Девушка внимательно слушала его и часто просила объяснить ей то или другое. Он объяснял с удовольствием, видя напряжение мысли на её лице. Но, когда он кончил, она, помолчав с минуту, простодушно спросила его:

— Но ведь тут начато не с начала! А в начале был бог. Как же это? Тут о нём просто не говорится, разве это и значит не верить в него?

Он хотел возражать ей, но по выражению её лица понял, что это бесполезно. Она верила — об этом свидетельствовали её глаза. Тихо, с боязнью, она говорила ему что-то странное.

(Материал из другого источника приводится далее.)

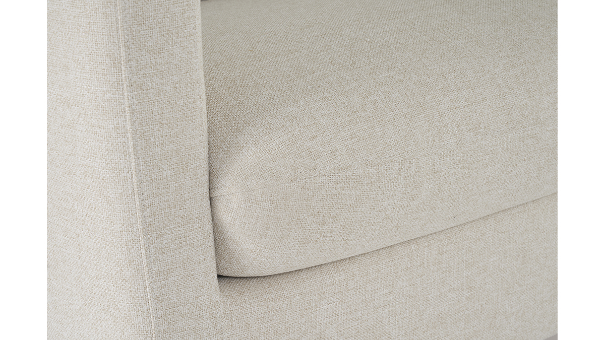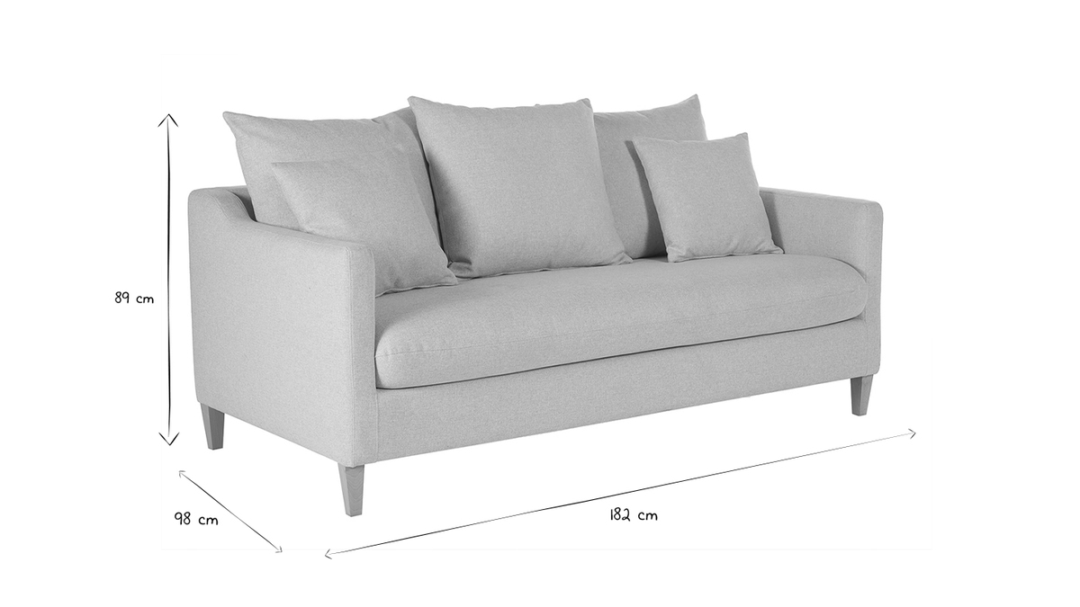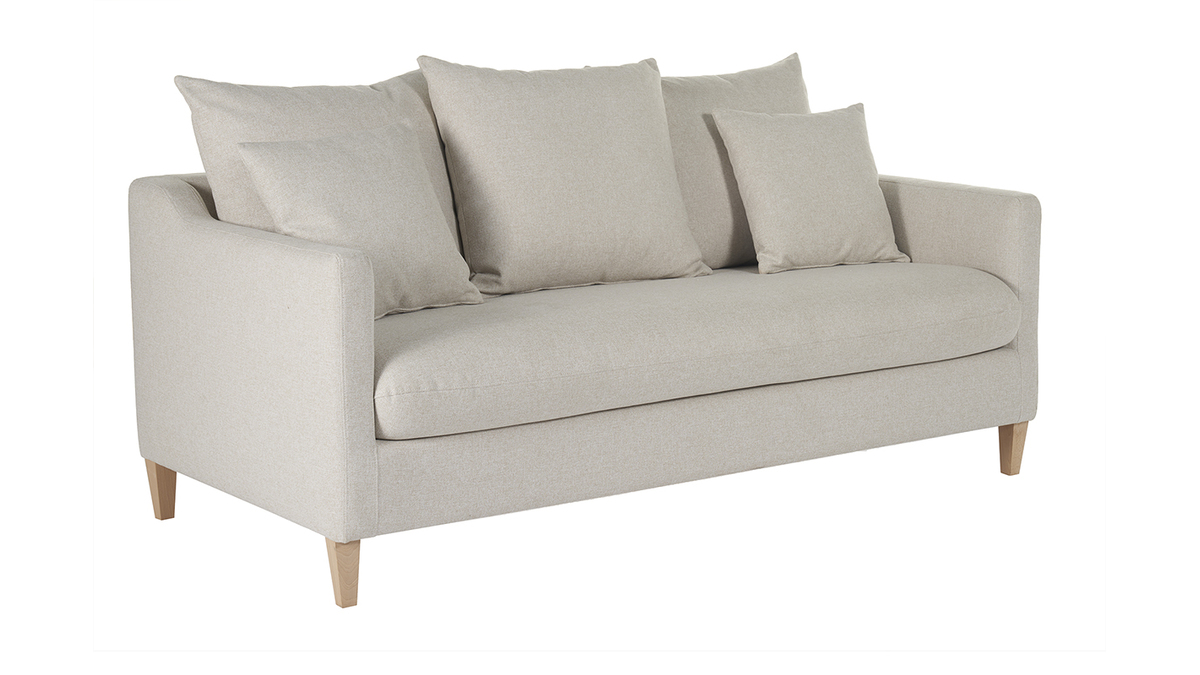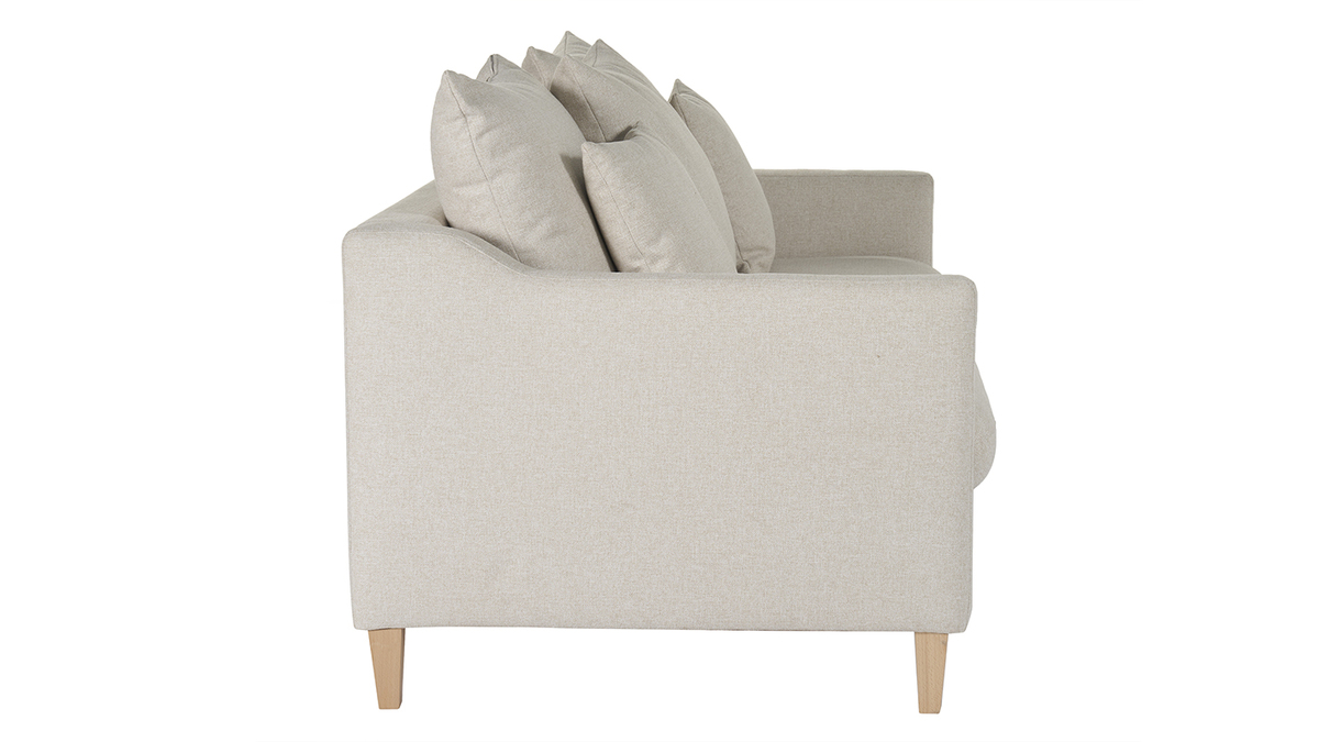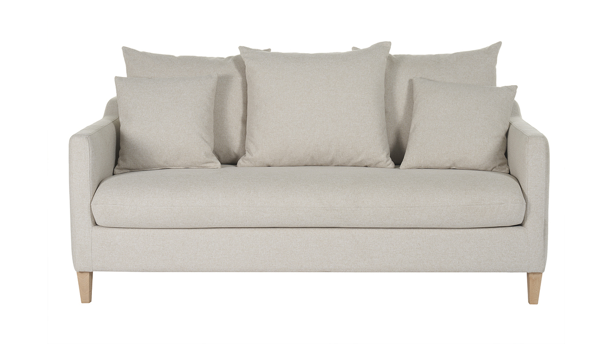 Canapé beige et bois clair livré prêt à monter. Montage simple, seuls les pieds sont à fixer. Le colis étant volumineux, nous vous conseillons de vérifier que portes et escaliers permettent son passage.

— Когда видишь людей и как всё это гадко у них и потом вспомнишь о боге, о страшном суде — даже сердце сожмётся! Потому что ведь он может всегда — сегодня, завтра, через час — потребовать ответов… И знаете, иногда мне кажется — это будет скоро! Днём это будет… сначала погаснет солнце… а потом вспыхнет новое пламя, и в нём явится он.

Ипполит Сергеевич слушал её бред и думал; «В ней есть всё, кроме того, чему необходимо следовало бы быть…»

Её речи вызвали бледность на её лице, испуг был в глазах у неё.

Но её бред исчез вдруг, когда до них донёсся громкий смех, звучавший где-то близко.

— Слышите? Это Маша, — вот мы и пришли!

И, ускорив шаги, крикнула:

— Маша, ау!

Вышли на берег реки; он полого спускался к воде, по откосу его были капризно разбросаны весёлые группы берёз и осин. На противоположном берегу стояли у самой воды высокие, молчаливые сосны, наполняя воздух густым, смолистым запахом. Там всё было хмуро, неподвижно и пропитано суровой важностью, а здесь — грациозные берёзы качали гибкими ветвями, нервно дрожала серебристая листва осины, калинник и орешник стоял пышными купами, отражаясь в воде; там желтел песок, усеянный рыжеватой хвоей; здесь под ногами зеленела отава, чуть пробивавшаяся среди срезанных стеблей; от разбросанных, между деревьев, копен пахло свежим сеном. Река, спокойная и холодная, отражала, как зеркало, два берега, не похожие друг на друга.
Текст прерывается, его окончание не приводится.